Fun Facts About Form S-8

I’m sure all of my readers know that Form S-8 is used by public companies to register shares that will be issued under an employee stock plan with the SEC.  In it’s January-February 2015 issue, The Corporate Counsel took a closer a look at some of the technical requirements of Form S-8.  Here are a few things I learned from the article.

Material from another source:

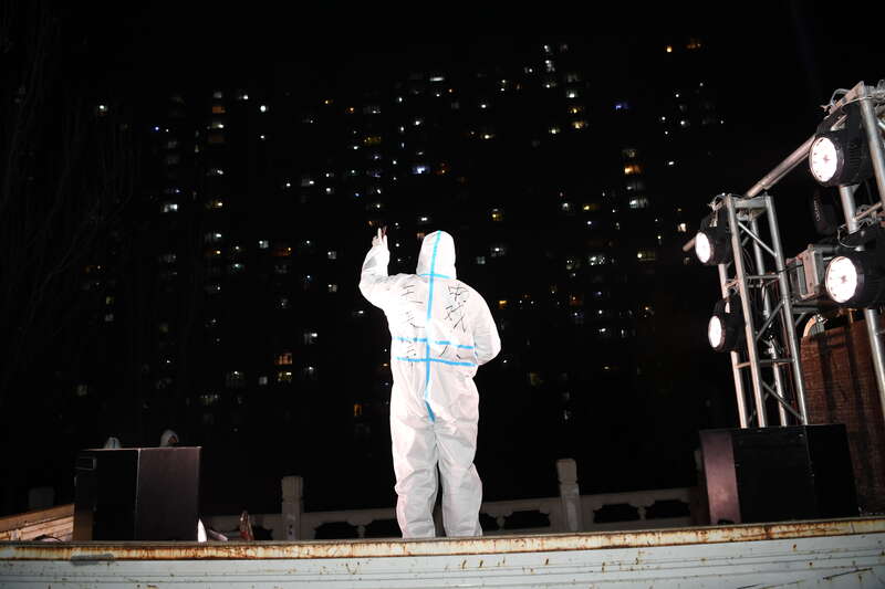 皇甫晓朋是“戏剧之城”文旅艺术区的运营总监。作为中央戏剧学院2018年的毕业生,自从10月22日小区封控以来,他和不少来自中戏的学生组成了一支志愿者队伍,白天帮居民跑腿、运送物资,晚上,办起了简易“音乐会”,11月3日、4日和6日,在宏福苑社区一共举办了6场。

Fee Offsets Are Complicated

Companies wishing to register shares on a Form S-8 must pay a registration fee to the SEC.  This fee is based on the value of the stock to be issued under the plan and the total number of shares to be issued. Where shares registered under prior S-8 filings will not be issued, companies can use the fees associated with these unissued shares to offset the fees to file a new Form S-8.  But there’s a catch: the offering covered by the S-8 that the fees will be transferred from has to be completed, terminated or withdrawn and the new S-8 has to be filed within five years of when the original S-8 was filed.  Because most stock plans have a term of ten years (and the offering isn’t viewed as completed until there are no further outstanding options/awards under the plan), this means that this offset often available.  This is covered in the Securities Act Rules CDI Question 240.11.

No Share Offsets

Shares cannot be carried forward from one form S-8 to another.  Thus, if shares from an expiring plan (and covered under the Form S-8 filed for that plan) will be transferred to a new plan, the shares have be registered again on the Form S-8 filed for the new plan (and are included in the calculation of the registration fee for the new plan).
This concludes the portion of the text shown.